Transcribe the listing in full, word for word; pictures do not belong in the copy.

##### Data

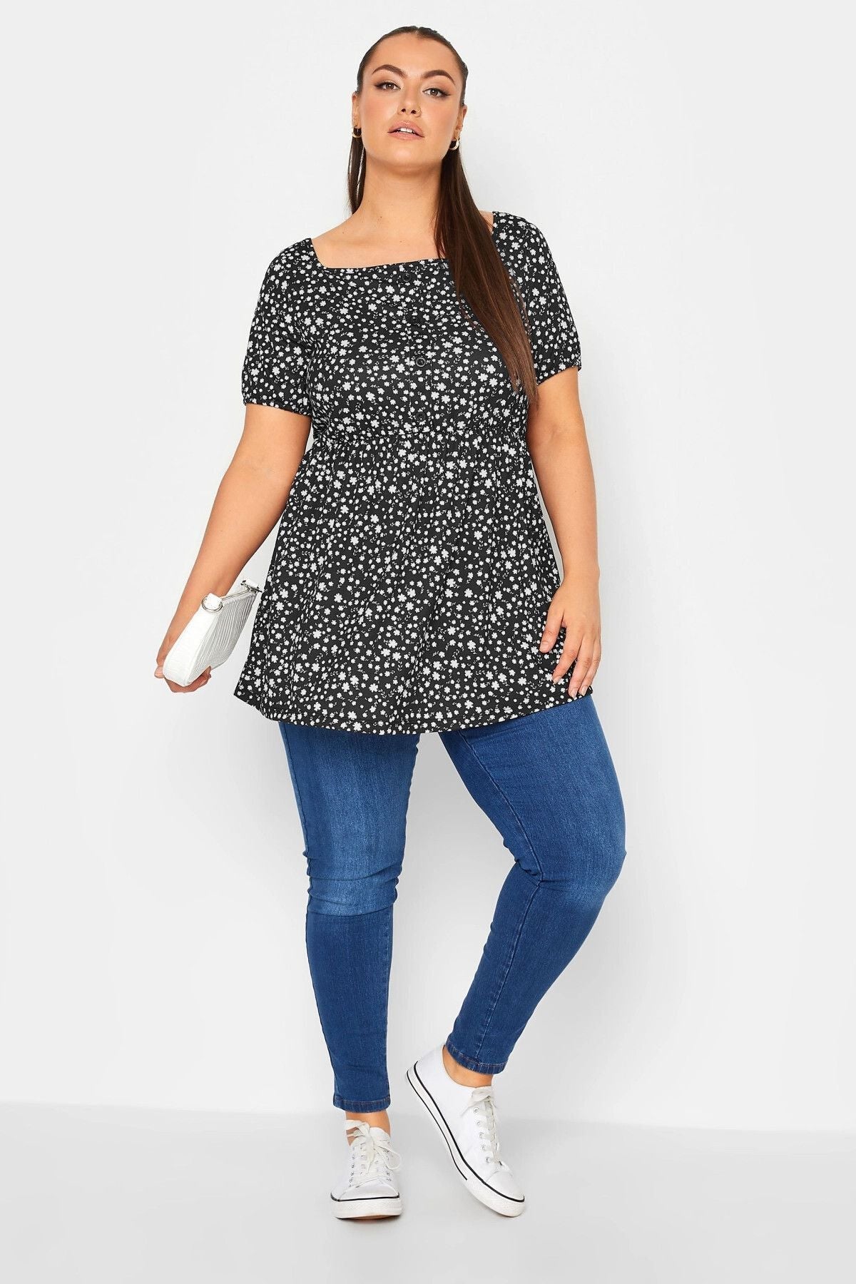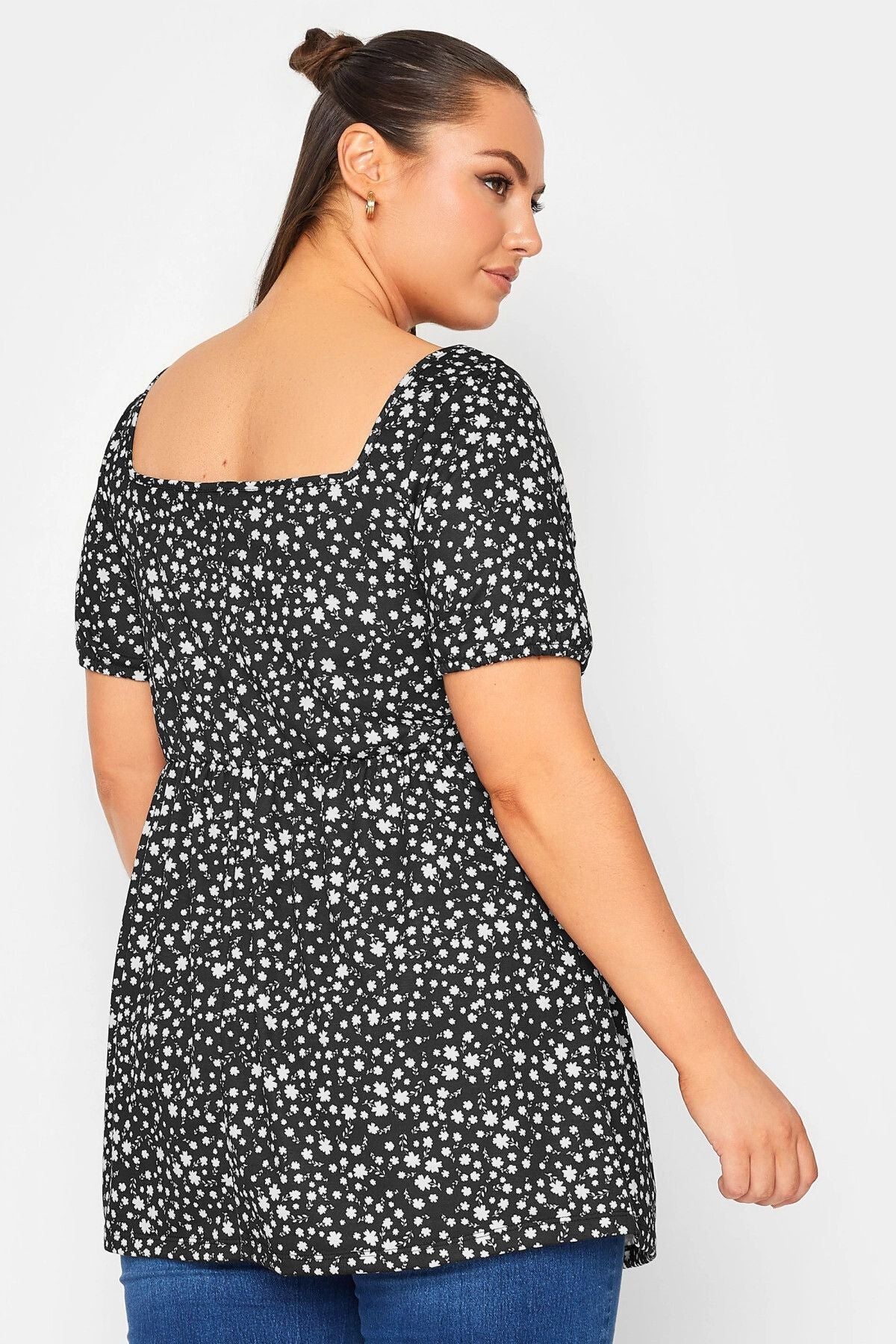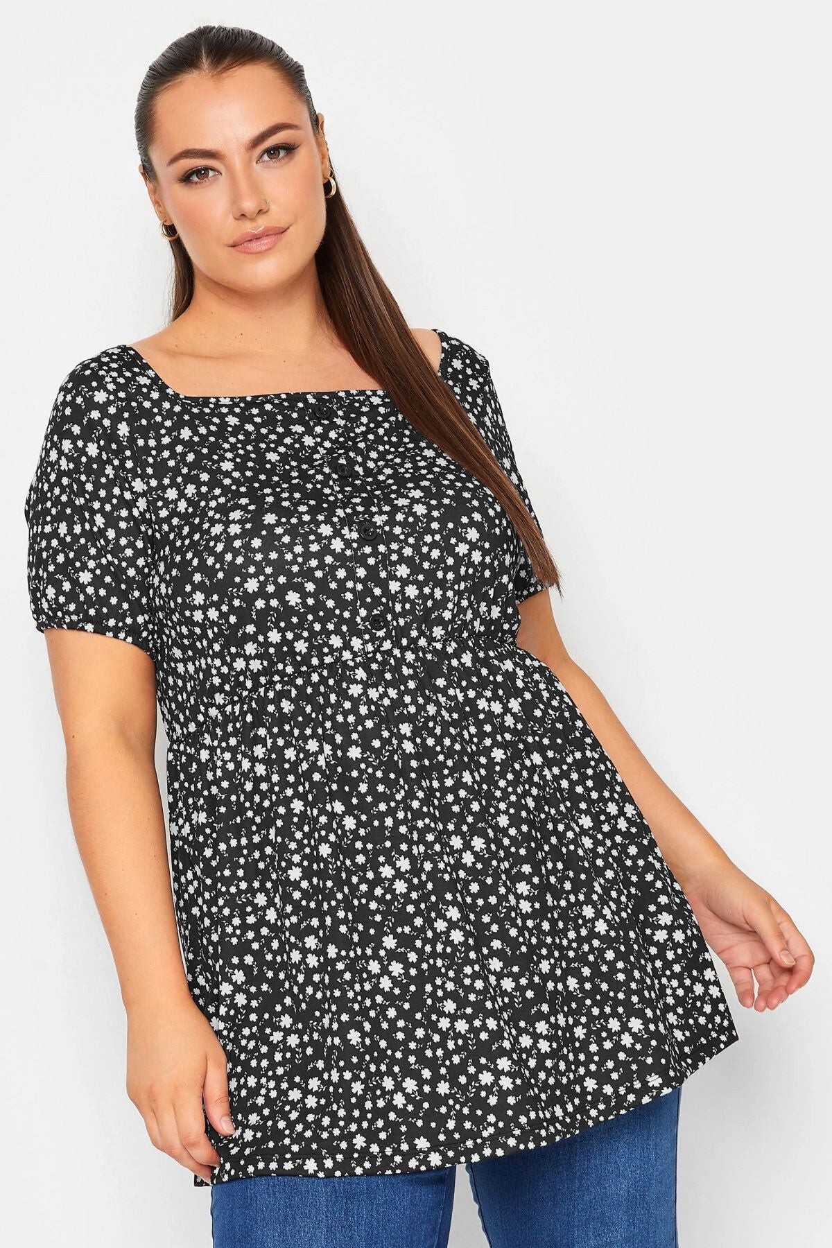 חולצה במידות גדולות כפתורים דקורטיביים צווארון מרובע עם הדפס בד גמיש 215849
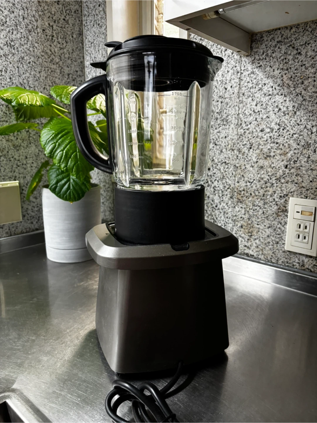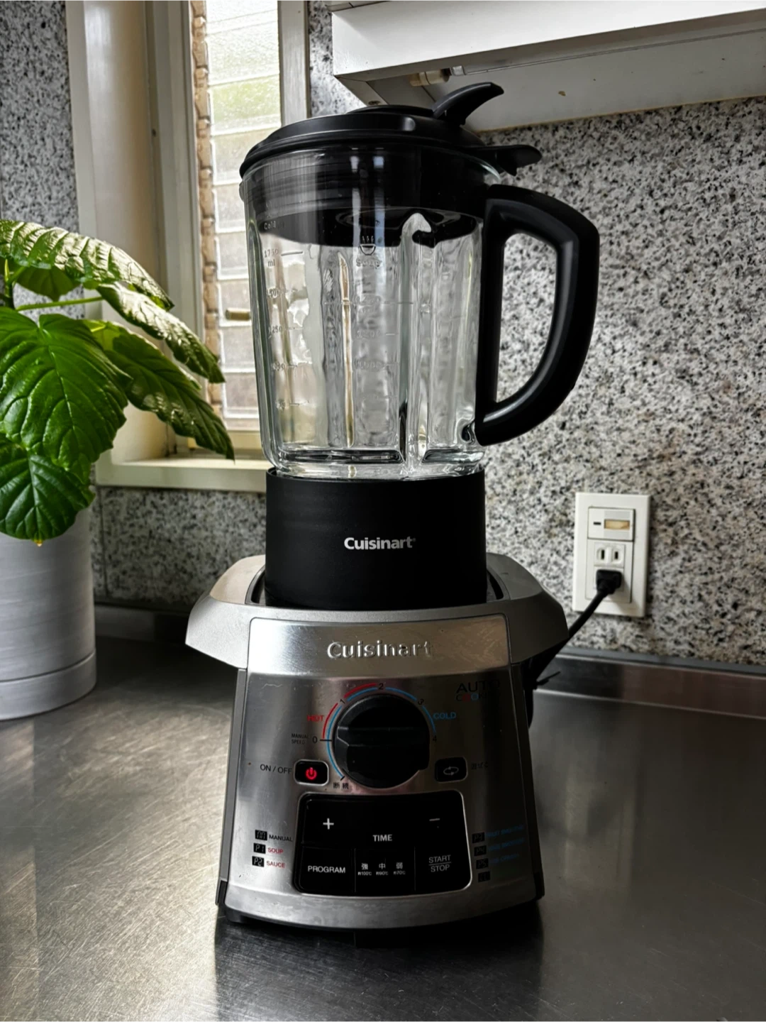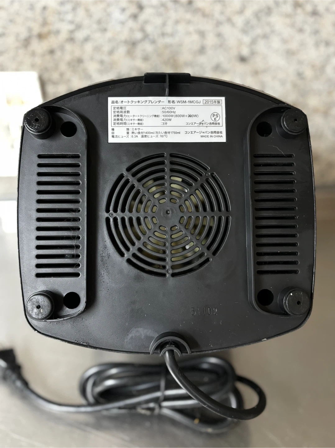 クイジナートのオートクッキングブレンダーWSM-1MCGJ です。 スムージーから熱々スープまで自動調理します。 2.3回使用しました。たっぷり作れますが家族が減って使うことがなくなりました。 【説明】 加熱しながらミキサーの機能も併用することができる。 材料を入れてボタンを押すだけで攪拌から煮込みまで行なってくれる。 容量は常温水で1,750ml、熱湯で1,400ml(マニュアル調理時)。 6枚刃のステンレスブレードが、1分間に約7,500~21,000回転して食材を攪拌する。 ヒーター内蔵のプレートにより加熱した食材をそのままブレードで粉砕できるので、アツアツのスープやソースを作ることができる。 サイズは260×250×470ml(幅×奥行き×高さ)で重さは4.9kg。 食材を入れただけで調理できるよう、自動プログラム機能を搭載している。 「スープ/ソース/フルーツスムージー/ベジスムージー/アイスクラッシュ」の、5つのプログラムを備え、スムージーは約1分、スープは約15分で完成する。 蓋部分には計量カップが収まっている ガラス容器は耐熱性の分厚いガラスを採用している ヒーター付き6枚刃。加熱しながら食材を粉砕することが可能。ゴムパッキンはとりはずして洗える コントロールパネルは正面に用意されている 材料を入れれば自動調理でなめらかなスープの完成。 手間がかかるスープ作りも、自動調理なら加熱から粉砕、かき混ぜまで自動で行なってくれるため、材料を準備するだけ。
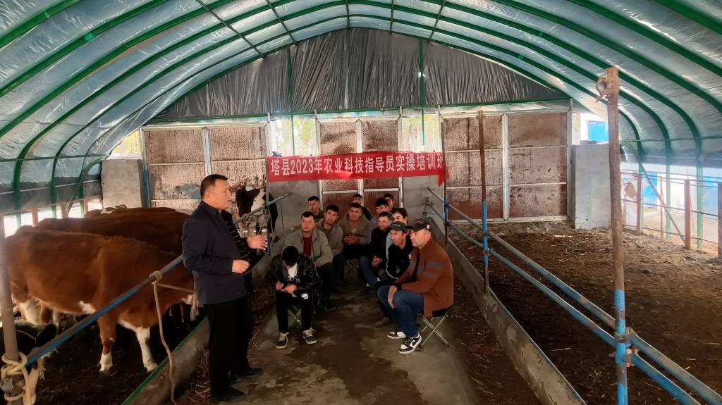 培訓學員結合塔縣實際,有針對性和實用性地開展基礎技能和專項技能培訓。此次培訓采取“理論講解+現場實戰”相結合的培訓模式,由經驗豐富的老師分別從品種改良、牛羊育肥、畜禽疫病防治知識、科學飼養等方面講解實用養殖技術,深入淺出地分析在實際生產過程中遇到的疑難問題。”

##########

Written answer:
 חולצה במידות גדולות כפתורים דקורטיביים צווארון מרובע עם הדפס בד גמיש 215849
 クイジナートのオートクッキングブレンダーWSM-1MCGJ です。 スムージーから熱々スープまで自動調理します。 2.3回使用しました。たっぷり作れますが家族が減って使うことがなくなりました。 【説明】 加熱しながらミキサーの機能も併用することができる。 材料を入れてボタンを押すだけで攪拌から煮込みまで行なってくれる。 容量は常温水で1,750ml、熱湯で1,400ml(マニュアル調理時)。 6枚刃のステンレスブレードが、1分間に約7,500~21,000回転して食材を攪拌する。 ヒーター内蔵のプレートにより加熱した食材をそのままブレードで粉砕できるので、アツアツのスープやソースを作ることができる。 サイズは260×250×470ml(幅×奥行き×高さ)で重さは4.9kg。 食材を入れただけで調理できるよう、自動プログラム機能を搭載している。 「スープ/ソース/フルーツスムージー/ベジスムージー/アイスクラッシュ」の、5つのプログラムを備え、スムージーは約1分、スープは約15分で完成する。 蓋部分には計量カップが収まっている ガラス容器は耐熱性の分厚いガラスを採用している ヒーター付き6枚刃。加熱しながら食材を粉砕することが可能。ゴムパッキンはとりはずして洗える コントロールパネルは正面に用意されている 材料を入れれば自動調理でなめらかなスープの完成。 手間がかかるスープ作りも、自動調理なら加熱から粉砕、かき混ぜまで自動で行なってくれるため、材料を準備するだけ。
 培訓學員結合塔縣實際,有針對性和實用性地開展基礎技能和專項技能培訓。此次培訓采取“理論講解+現場實戰”相結合的培訓模式,由經驗豐富的老師分別從品種改良、牛羊育肥、畜禽疫病防治知識、科學飼養等方面講解實用養殖技術,深入淺出地分析在實際生產過程中遇到的疑難問題。”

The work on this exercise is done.